Ordinary Differential Equations with Stan in R

Update (2022-03-22): CmdStan 2.27 introduced a new syntax for declaring arrays which uses the array keyword. Declaring arrays with brackets will be removed in CmdStan 2.32, so I have updated the Stan model code in this post to be compatible with future versions of CmdStan. I kept the pre-2.27 model code at the bottom of the post for reference.

Update (2020-07-30): CmdStan 2.24 has improved performance with ODEs and I’ve updated the Stan model code to use the new API. See release candidate announcement for more details. I kept the original, pre-2.24 model code at the bottom of the post for reference.

Update (2020-07-16): I have modified this tutorial from its original publication. The previous version (available from the Internet Archive) used the {RStan} package, which, as it turns out, is a nightmare to get working on Windows. This version uses the in-active-development {CmdStanR} interface – a lightweight interface to Stan based on CmdStan and works exactly the same as its Python counterpart CmdStanPy.
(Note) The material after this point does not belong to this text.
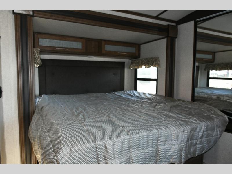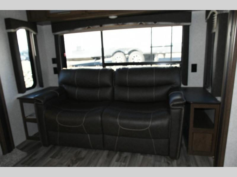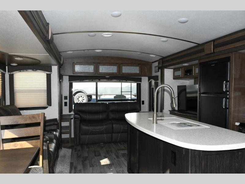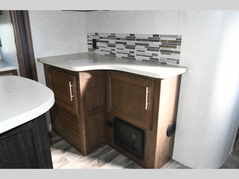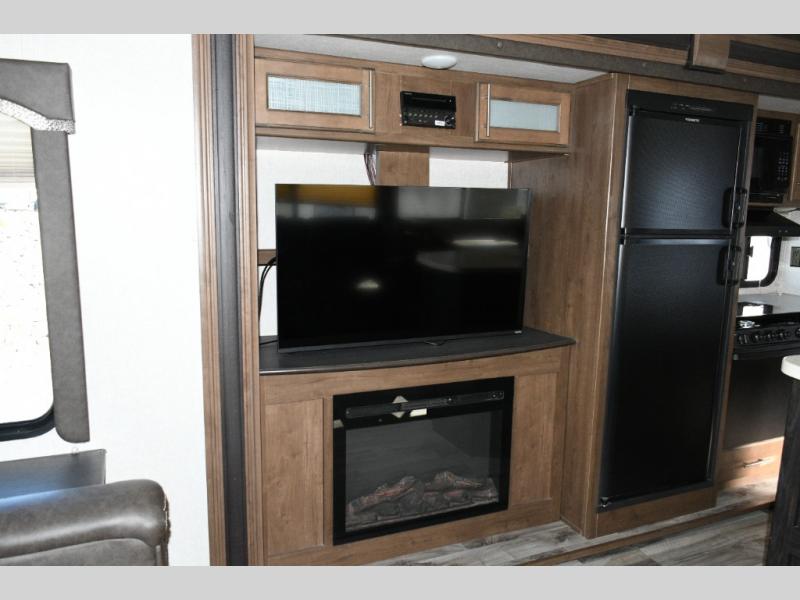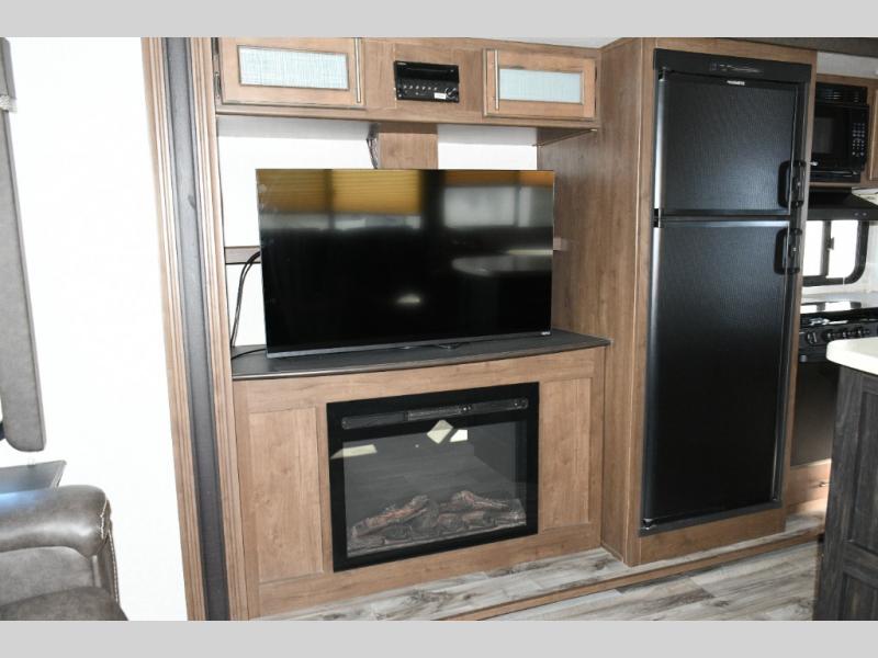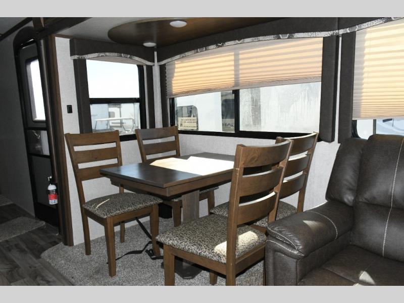 Outside, you’ll love the dual power awnings that create a shaded patio space perfect for entertaining, relaxing, or enjoying a meal outdoors. The power tongue jack makes setup simple, while the heated, enclosed underbelly ensures you’re ready for year-round camping.

This tutorial – inspired by / based on Demetri Pananos’s Introduction of pymc3.ode API – is my first since moving my whole website and blog from Squarespace to a site created with {blogdown} (which uses R Markdown and Hugo), version-controlled on GitHub, and hosted on Netlify. That process wasn’t too hard, mostly just long and boring.

Anyway, I wanted to (1) use the new setup in a cool way, (2) share something I learned – namely, how ODE models are specified in Stan, and (3) figure out how to get everything working correctly (e.g. MathJax, SVG charts).
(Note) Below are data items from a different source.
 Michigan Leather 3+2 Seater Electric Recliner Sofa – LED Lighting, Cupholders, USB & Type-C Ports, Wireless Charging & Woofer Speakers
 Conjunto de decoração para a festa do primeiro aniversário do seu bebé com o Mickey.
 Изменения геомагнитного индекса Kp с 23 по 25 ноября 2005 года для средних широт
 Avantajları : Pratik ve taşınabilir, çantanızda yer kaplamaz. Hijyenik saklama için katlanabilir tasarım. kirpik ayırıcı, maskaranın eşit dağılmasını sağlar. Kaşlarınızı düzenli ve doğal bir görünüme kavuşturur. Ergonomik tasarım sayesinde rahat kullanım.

These are the packages I’ll be using:

library(dplyr) # data wrangling
library(cmdstanr) # inference
library(zeallot) # multi-assignment
# Visualization:
library(ggplot2)
library(hrbrthemes)
theme_set(theme_ipsum_rc(
  base_size = 14, subtitle_size = 16, axis_title_size = 12
))

Problem

An object of mass \(m = 2\) is brought to some height and allowed to fall freely until it reaches the ground. A differential equation describing the object’s speed \(y\) over time is

$$ y’ = mg - \gamma y $$

The force the object experiences in the downwards direction is \(mg\) – where \(g = 9.8\) is the force of gravity – while the force the object experiences in the opposite direction (due to air resistance \(\gamma = 0.4\)) is proportional to how fast the object is presently moving.
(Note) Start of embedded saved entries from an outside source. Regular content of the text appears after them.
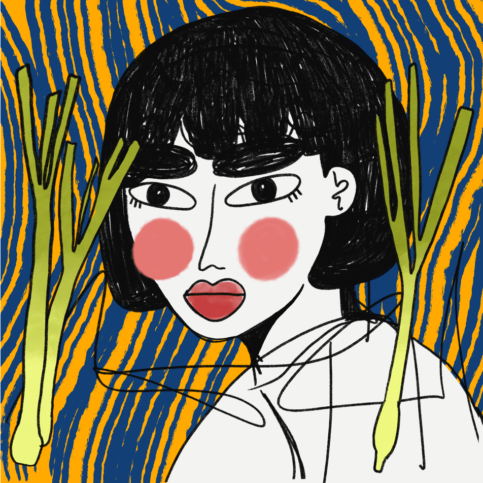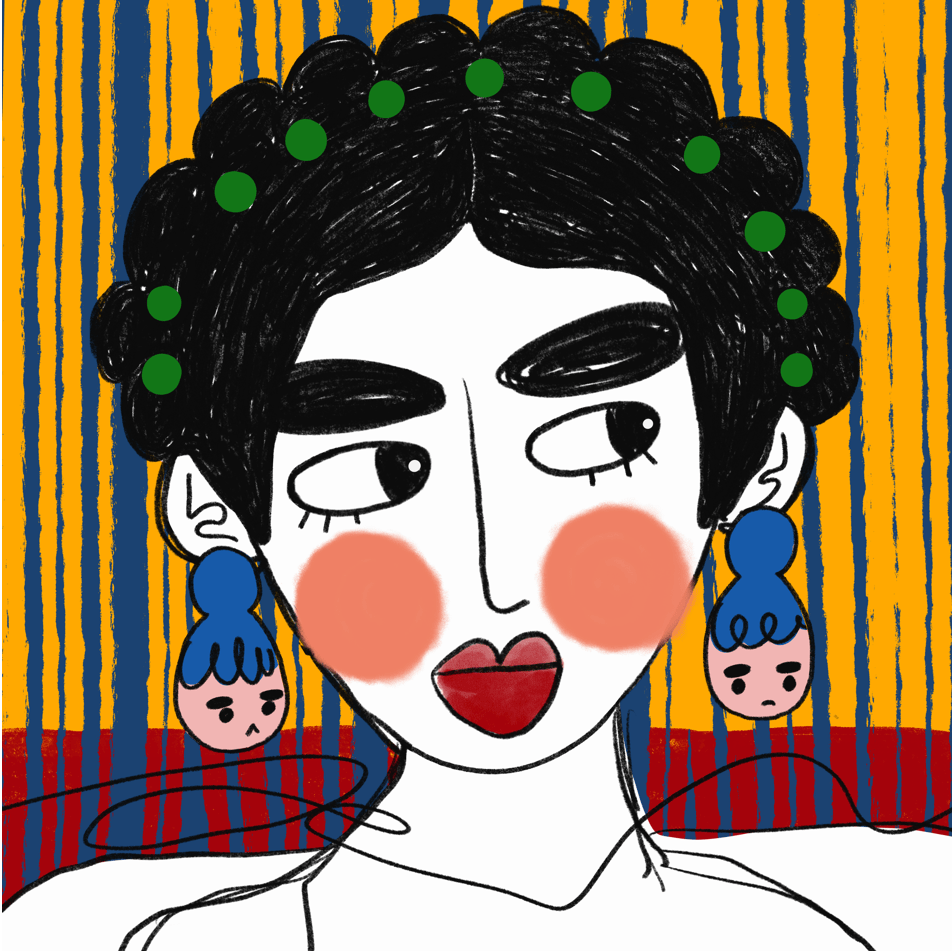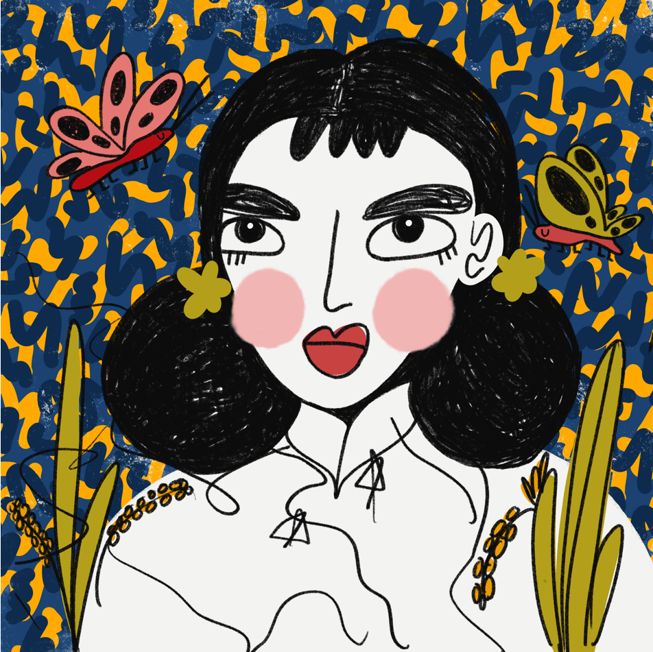A series done in a style of muted skin tone, loose scribbles, and patterned backgrounds.
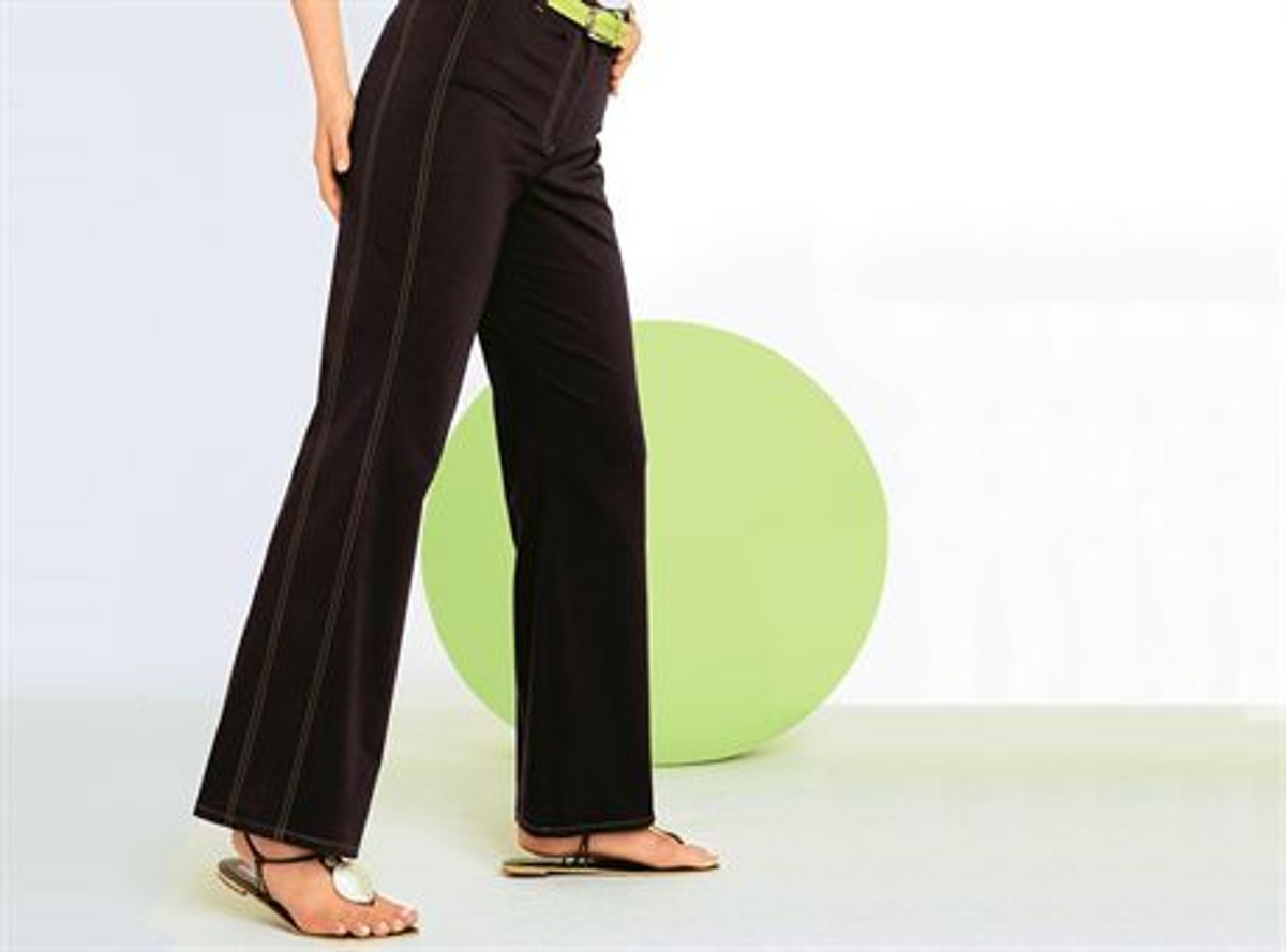 Luźne nogawki pozwalają ukryć uda. Najlepsze są spodnie w wysmuklające pionowe paski, w kolorze ciemniejszym niż bluzka czy żakiet.
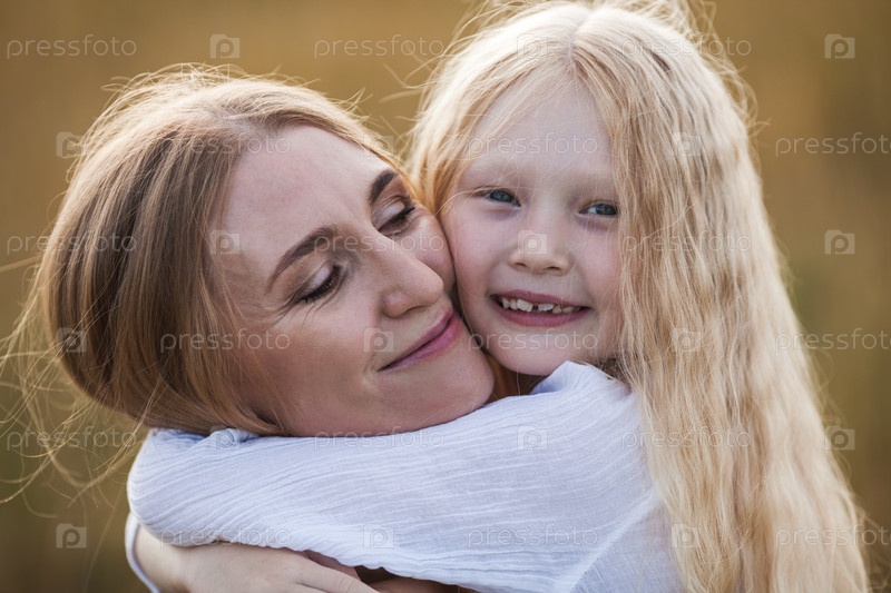 Красивая молодая мать и ее дочь на пшеничном поле
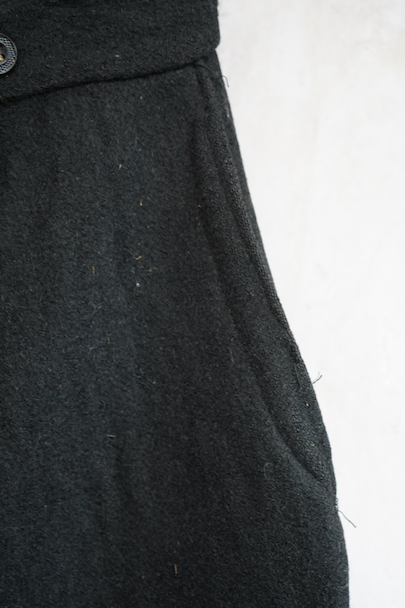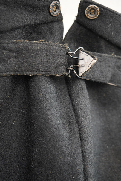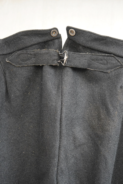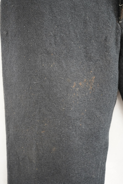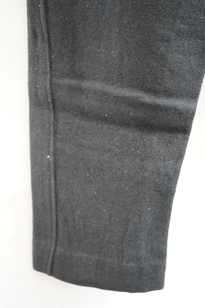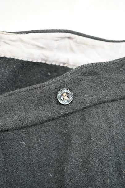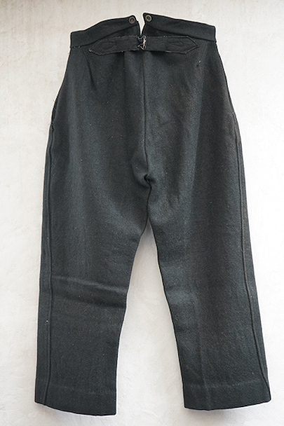 20世紀初期頃につくられたワークパンツ。とても風合いの良い厚手のウール素材です。ウエストラインのバックが高く、全体的なシルエットも綺麗です。フロントはボタンフライ、ウエストラインにサスペンダー用ボタン、バックシンチ。ボタンはパピエマシェ製がついています。ボタンホールは手縫い。布地はしっかりとしていますが、全体的にシミ(色抜け?)による色むらが見られます。ウエストサイズはバックシンチを外した状態で84cm、バックシンチを繋いだ際は約76〜81cmです。

freefall <- function(t, y, params) {
  dy <- 2.0 * params["g"] - params["gamma"] * y
  return(list(dy))
}
times <- seq(0, 10, 0.5)
c(gamma, g, y0, sigma, n) %<-% c(0.4, 9.8, -2, 2, length(times))

set.seed(42)
speed <- deSolve::ode(
  y0, times, freefall,
  parms = c("g" = g, "gamma" = gamma)
) %>%
  as.data.frame %>%
  setNames(c("time", "y")) %>%
  mutate(y_obs = y + rnorm(n, 0, sigma)) # measurement noise

The results look like this:

The goal is to infer \(\gamma\), \(g\), and \(\sigma\) from the data. We will use Stan to perform Bayesian inference.

Solution

We compile the following Stan model as speed_model (via cmdstan_model):

functions {
  vector freefall(real t,        // time
                  vector y,      // state
                  vector theta,  // parameters
                  real m) {      // mass
    vector[1] dydt;
    // theta[2] is gravity, theta[1] is gamma
    dydt[1] = m * theta[2] - theta[1] * y[1];
    return dydt;
  }
}
data {
  int<lower = 1>            T;
  real                      t0;
  array[T] real<lower = t0> ts;
  real                      y0_obs;
  array[T] real             y_obs;
  real                      m; // mass of object
}
parameters {
  real<lower = 0>      sigma; // noise
  vector<lower = 0>[2] theta; // [gamma, g]
  vector[1]            y0;    // initial condition to be inferred
}
model {
  array[T] vector[1] mu = ode_bdf(freefall, y0, t0, ts, theta, m);
  sigma ~ cauchy(0, 5);
  theta[1] ~ gamma(2, 0.2); // mostly [0, 1]
  theta[2] ~ gamma(3, 2);   // mostly [0, 15]
  y0 ~ std_normal();        // prior on initial condition
  y0_obs ~ normal(y0[1], sigma);
  for (t in 1:T) {
    y_obs[t] ~ normal(mu[t], sigma);
  }
}

Stan’s ode_bdf expects times \(t = 1, \ldots, T\), not starting at 0 – since \(t_0\) is provided along with \(y_0\). (This is important!)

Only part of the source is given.